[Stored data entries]
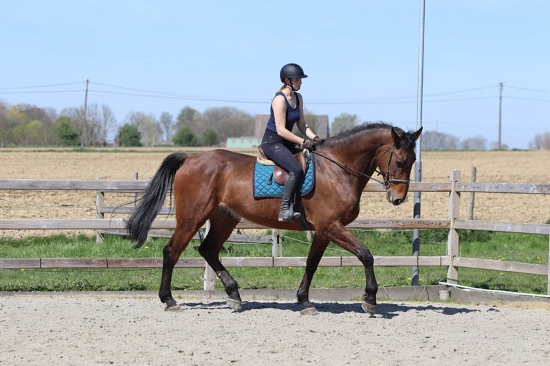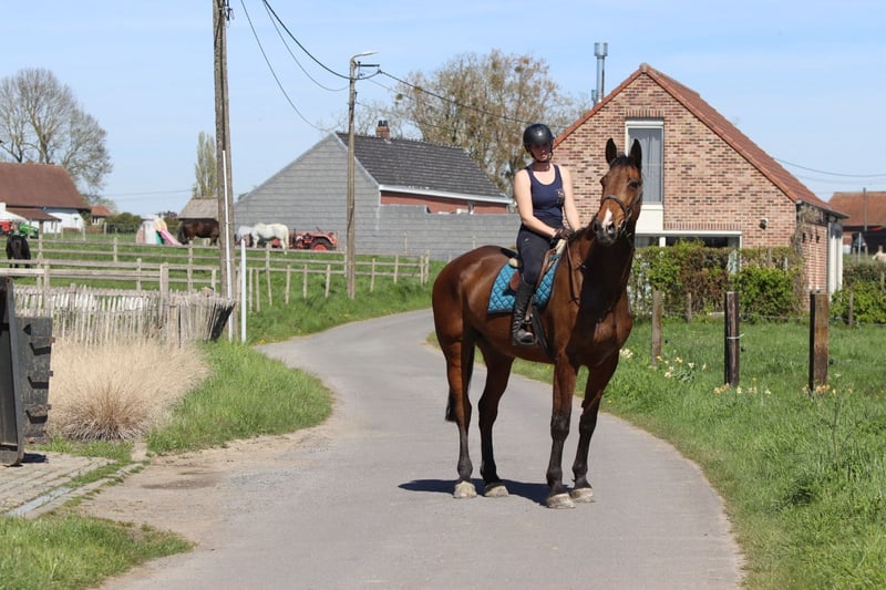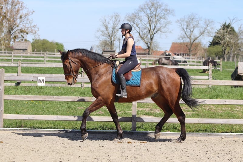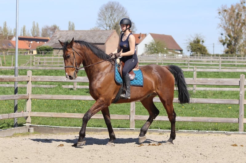 Sherman, un magnifique cheval de sport irlandais de taille exceptionnelle. Avec une hauteur au garrot de 1,80 m à 1,83 m, il impose par sa stature, mais derrière cette taille impressionnante se cache un caractère doux et sincère. Il est âgé de 10 ans, hongre. Sherman est un véritable gentil cheval dans ses interactions. Même le plus jeune enfant peut tout faire avec lui – il est si calme et fiable. En selle, il montre également le meilleur de lui-même : il est tranquille à monter et possède un talent exceptionnel pour le saut d’obstacles. Les distances ? Aucun problème pour lui. Avec aisance et confiance, il continue de sauter, peu importe ce qu’on lui demande. En dehors de la carrière, Sherman est aussi un rêve. Lors des promenades, il est très sage, même lorsqu’il part seul. Tracteurs, chiens qui aboient ou autres stimuli ? Il reste calme et passe partout sans souci. Un cheval sincère sur lequel on peut vraiment compter. Dans le pré, il est sociable et s’entend bien avec d’autres chevaux et poneys, ce qui en fait un compagnon agréable. Comme tout top cheval, Sherman a aussi un petit point faible. En raison de sa grande taille, il a probablement déjà heurté sa tête par le passé, ce qui explique qu’il n’aime pas qu’on touche ses oreilles. Un travail professionnel est en cours pour améliorer cette situation, et des progrès sont clairement visibles. Mettre le bridon demande donc une approche légèrement adaptée. De plus, il présente une légère forme de bruxisme. Sherman est sans aucun doute un cheval exceptionnel – un géant doux avec du talent, de l’honnêteté et un cœur d’or. Plus d’informations sur ce cheval unique ? 📞 0032475682243 🎥 Pour voir des vidéos : demandez notre site internet
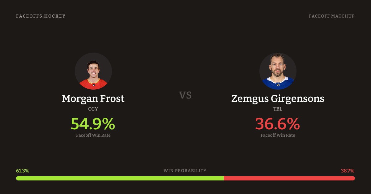 Zemgus Girgensons holds a +1.4% FO% edge overall. Look for Frost on neutral-zone draws (60% H2H, 5 meetings).
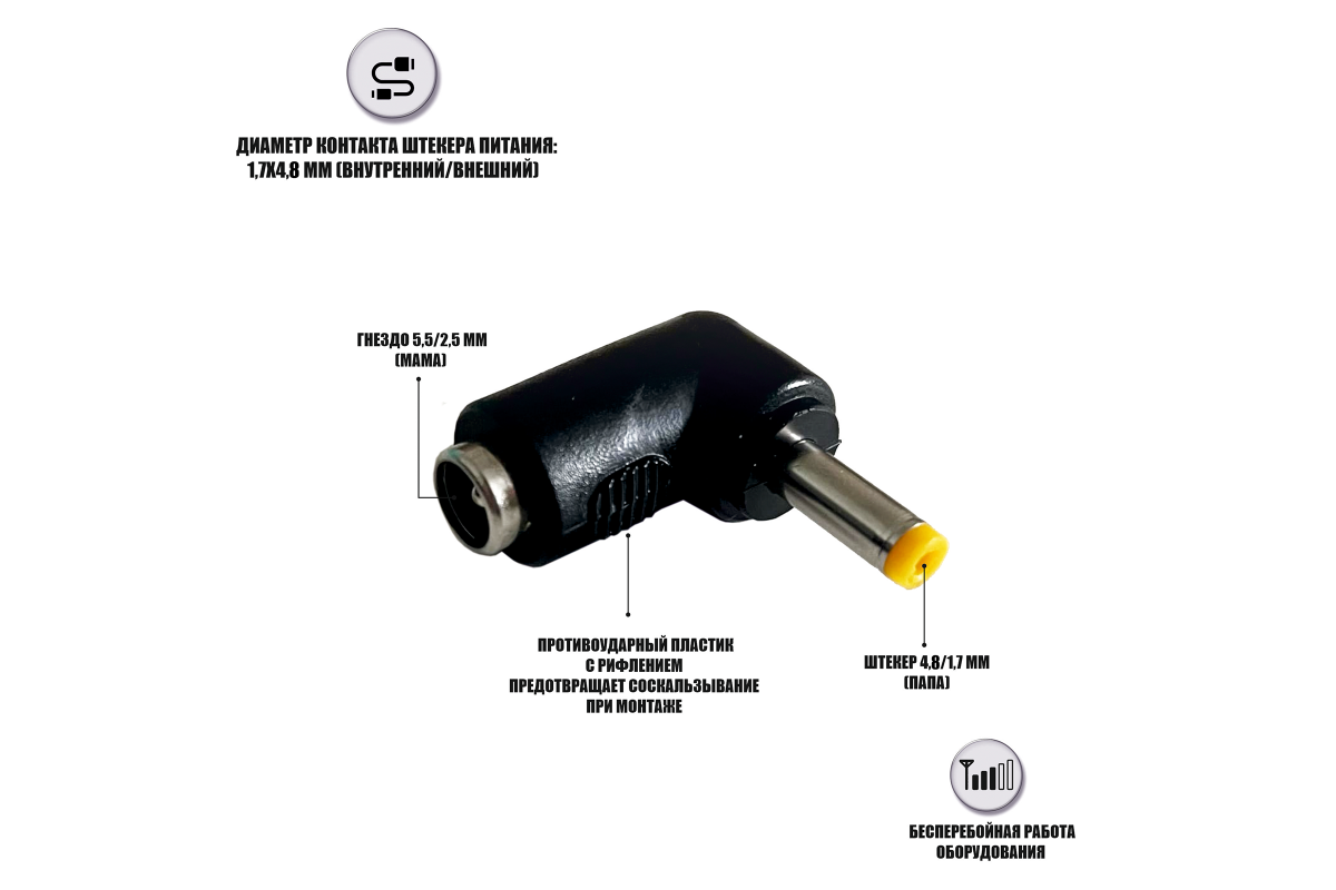 - Переходник DC гнездо 5.5/2.5 мм (мама) - штекер 4.8/1.7 мм (папа), угловой, может использоваться в нетбуках HP & Compaq.
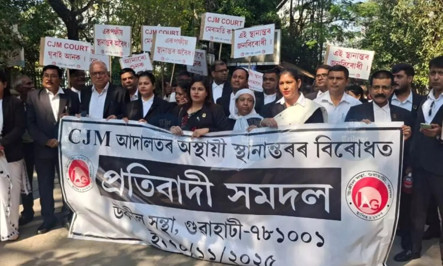 Lawyers association, Guwahati protesting against temporary shifting of CJM court to GAD building (Photo: AT)
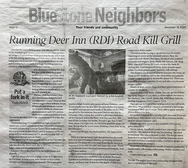 Not exactly sure where to start with this excellent, super local, roadside grill whose name alone can whip up mental images of splayed raccoons gunning for the other side of Rt. 209, losing, and being spatula'd onto a plate. Or deer being lunched into low orbit by a loaded 40 ton tri axle and landing back on earth in a huge bubbling cast iron cauldron with boiled potatoes and carrots.
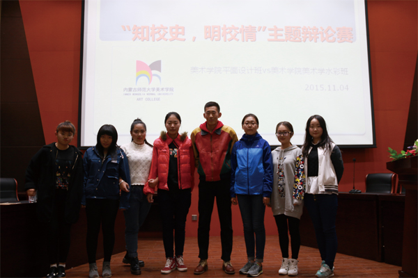 为响应校团委的号召,更好的让同学们了解校史, 2015级美术学水彩班和平面设计班的同学辩论赛在探花合集 报告厅隆重拉开帷幕。比赛开始后,场上双方辩手你来我往,唇枪舌战,围绕着辩题“铭记校史是否必要”展开了激烈的辩论。辩论中选手们依然不失风度,始终面带微笑,侃侃而谈。良好的风范、出色的口才、敏捷的思维令场下观众为之折服,掌声不断。本次大赛旨在培养我院同学们的人文素质和思辨能力,营造良好的校园学术氛围。不仅为我院同学提供了展现自己的舞台,更提高了15级各班凝聚力,为以后深化学生文化建设奠定了夯实的基础。
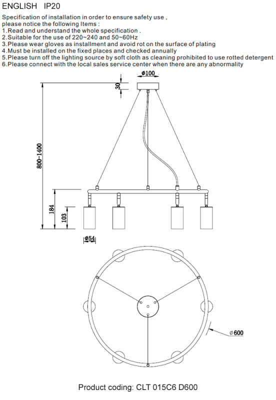 Светильник подвесной Crystal Lux CLT 015C6 D600 BL-GO – идеальное решение для вашего интерьера. Дизайн "Современный" сочетает функциональность и элегантность. Высокая степень защиты IP гарантирует его надежность и долгий срок службы даже в условиях высокой влажности. Производитель , рекомендует подобрать энергосберегающие лампы для создания комфортного освещения. Стоимость светильника: 15 400 руб. Возможна доставка в город Казань.
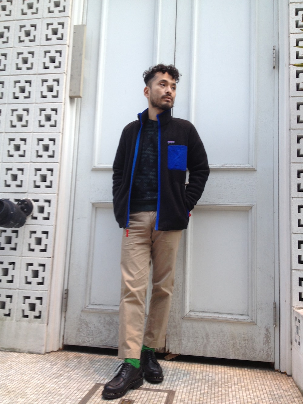 patagoniaのフリースをメインにコーディネート。インナーのAMIのスエットとソックスを色合わせ。
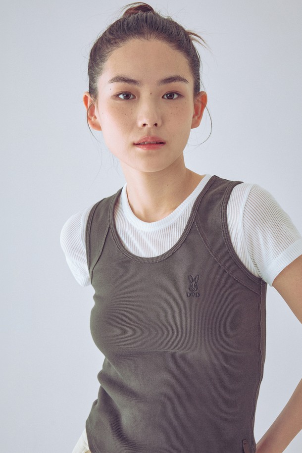 여성) 골지 슬리브리스 티셔츠(BROWN)
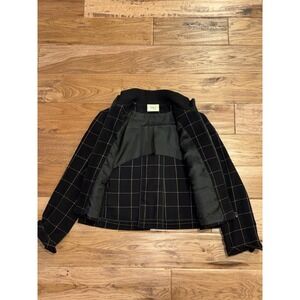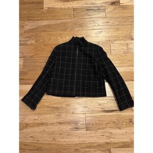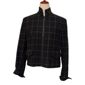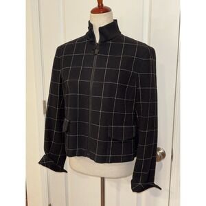 AKRIS Punto Black Windowpane 100% Wool Zip Jacket Women's US 10
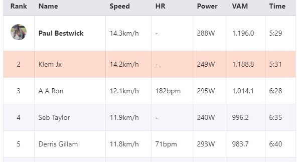 Second place on the climb. Doesn’t bother me. Honest. Not at all. Nope.
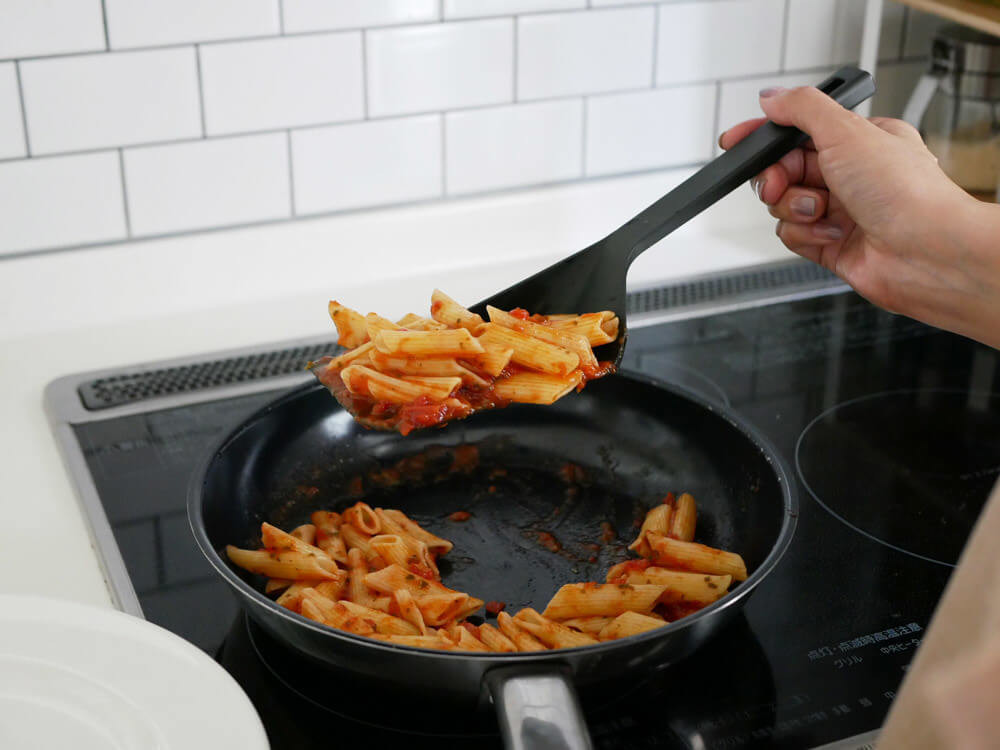 フライパンの曲面に沿った形状で、サイドに壁があるため料理を一気にすくえます。柔らかい素材なので、ソース類なども隅々まで残さずかき集めることが出来ますよ。
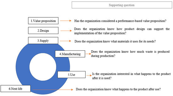 In fact, different companies have different levels of knowledge about CE. Therefore, it is important to propose a CE building framework in which it is possible to determine at what stage of CE implementation a given company is and then select an appropriate CBM. In 2017, the British Standard Institution presented “BS 8001:2017—Framework for implementing the principles of the circular economy in organizations—Guide” as the first official practical framework to implement CE in business operations, based on defined criteria and elements. It is dedicated to any organization, regardless of its size, location, sector or type. It provides a set of recommendations, definitions and clarifications to voluntarily implement CE in enterprises, based on six CE principles—system thinking, innovation, stewardship, collaboration, value optimization and transparency [71]. The company has to identify the level of circularity:
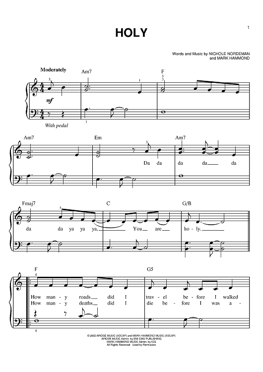 Digital Sheet Music for Holy by Nichole Nordeman, Mark Hammond scored for Easy Piano; id:383475
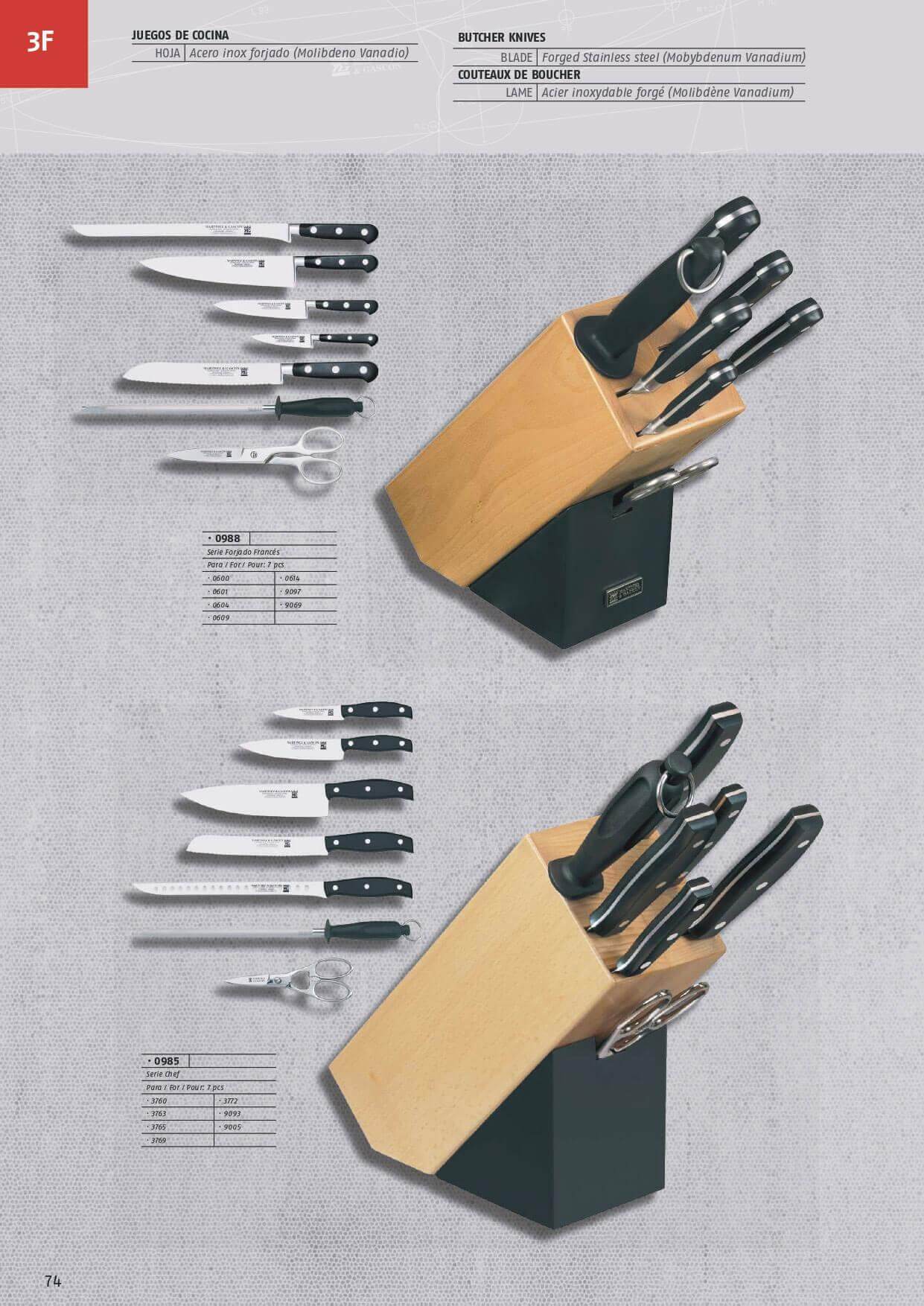 Comprend 7 pièces: ciseaux, chaira, couteau à jambon (28,5 cm), cuisiniers de 15 et 20 cm, couteau à pain et dentelle.

* _WORK REQUEST_
The task calls for every line of the data to be returned exactly, without pictures.

* _OUTPUT FOR THIS EXERCISE_
 Sherman, un magnifique cheval de sport irlandais de taille exceptionnelle. Avec une hauteur au garrot de 1,80 m à 1,83 m, il impose par sa stature, mais derrière cette taille impressionnante se cache un caractère doux et sincère. Il est âgé de 10 ans, hongre. Sherman est un véritable gentil cheval dans ses interactions. Même le plus jeune enfant peut tout faire avec lui – il est si calme et fiable. En selle, il montre également le meilleur de lui-même : il est tranquille à monter et possède un talent exceptionnel pour le saut d’obstacles. Les distances ? Aucun problème pour lui. Avec aisance et confiance, il continue de sauter, peu importe ce qu’on lui demande. En dehors de la carrière, Sherman est aussi un rêve. Lors des promenades, il est très sage, même lorsqu’il part seul. Tracteurs, chiens qui aboient ou autres stimuli ? Il reste calme et passe partout sans souci. Un cheval sincère sur lequel on peut vraiment compter. Dans le pré, il est sociable et s’entend bien avec d’autres chevaux et poneys, ce qui en fait un compagnon agréable. Comme tout top cheval, Sherman a aussi un petit point faible. En raison de sa grande taille, il a probablement déjà heurté sa tête par le passé, ce qui explique qu’il n’aime pas qu’on touche ses oreilles. Un travail professionnel est en cours pour améliorer cette situation, et des progrès sont clairement visibles. Mettre le bridon demande donc une approche légèrement adaptée. De plus, il présente une légère forme de bruxisme. Sherman est sans aucun doute un cheval exceptionnel – un géant doux avec du talent, de l’honnêteté et un cœur d’or. Plus d’informations sur ce cheval unique ? 📞 0032475682243 🎥 Pour voir des vidéos : demandez notre site internet
 Zemgus Girgensons holds a +1.4% FO% edge overall. Look for Frost on neutral-zone draws (60% H2H, 5 meetings).
 - Переходник DC гнездо 5.5/2.5 мм (мама) - штекер 4.8/1.7 мм (папа), угловой, может использоваться в нетбуках HP & Compaq.
 Lawyers association, Guwahati protesting against temporary shifting of CJM court to GAD building (Photo: AT)
 Not exactly sure where to start with this excellent, super local, roadside grill whose name alone can whip up mental images of splayed raccoons gunning for the other side of Rt. 209, losing, and being spatula'd onto a plate. Or deer being lunched into low orbit by a loaded 40 ton tri axle and landing back on earth in a huge bubbling cast iron cauldron with boiled potatoes and carrots.
 为响应校团委的号召,更好的让同学们了解校史, 2015级美术学水彩班和平面设计班的同学辩论赛在探花合集 报告厅隆重拉开帷幕。比赛开始后,场上双方辩手你来我往,唇枪舌战,围绕着辩题“铭记校史是否必要”展开了激烈的辩论。辩论中选手们依然不失风度,始终面带微笑,侃侃而谈。良好的风范、出色的口才、敏捷的思维令场下观众为之折服,掌声不断。本次大赛旨在培养我院同学们的人文素质和思辨能力,营造良好的校园学术氛围。不仅为我院同学提供了展现自己的舞台,更提高了15级各班凝聚力,为以后深化学生文化建设奠定了夯实的基础。
 Светильник подвесной Crystal Lux CLT 015C6 D600 BL-GO – идеальное решение для вашего интерьера. Дизайн "Современный" сочетает функциональность и элегантность. Высокая степень защиты IP гарантирует его надежность и долгий срок службы даже в условиях высокой влажности. Производитель , рекомендует подобрать энергосберегающие лампы для создания комфортного освещения. Стоимость светильника: 15 400 руб. Возможна доставка в город Казань.
 patagoniaのフリースをメインにコーディネート。インナーのAMIのスエットとソックスを色合わせ。
 여성) 골지 슬리브리스 티셔츠(BROWN)
 AKRIS Punto Black Windowpane 100% Wool Zip Jacket Women's US 10
 Second place on the climb. Doesn’t bother me. Honest. Not at all. Nope.
 フライパンの曲面に沿った形状で、サイドに壁があるため料理を一気にすくえます。柔らかい素材なので、ソース類なども隅々まで残さずかき集めることが出来ますよ。
 In fact, different companies have different levels of knowledge about CE. Therefore, it is important to propose a CE building framework in which it is possible to determine at what stage of CE implementation a given company is and then select an appropriate CBM. In 2017, the British Standard Institution presented “BS 8001:2017—Framework for implementing the principles of the circular economy in organizations—Guide” as the first official practical framework to implement CE in business operations, based on defined criteria and elements. It is dedicated to any organization, regardless of its size, location, sector or type. It provides a set of recommendations, definitions and clarifications to voluntarily implement CE in enterprises, based on six CE principles—system thinking, innovation, stewardship, collaboration, value optimization and transparency [71]. The company has to identify the level of circularity:
 Digital Sheet Music for Holy by Nichole Nordeman, Mark Hammond scored for Easy Piano; id:383475
 Comprend 7 pièces: ciseaux, chaira, couteau à jambon (28,5 cm), cuisiniers de 15 et 20 cm, couteau à pain et dentelle.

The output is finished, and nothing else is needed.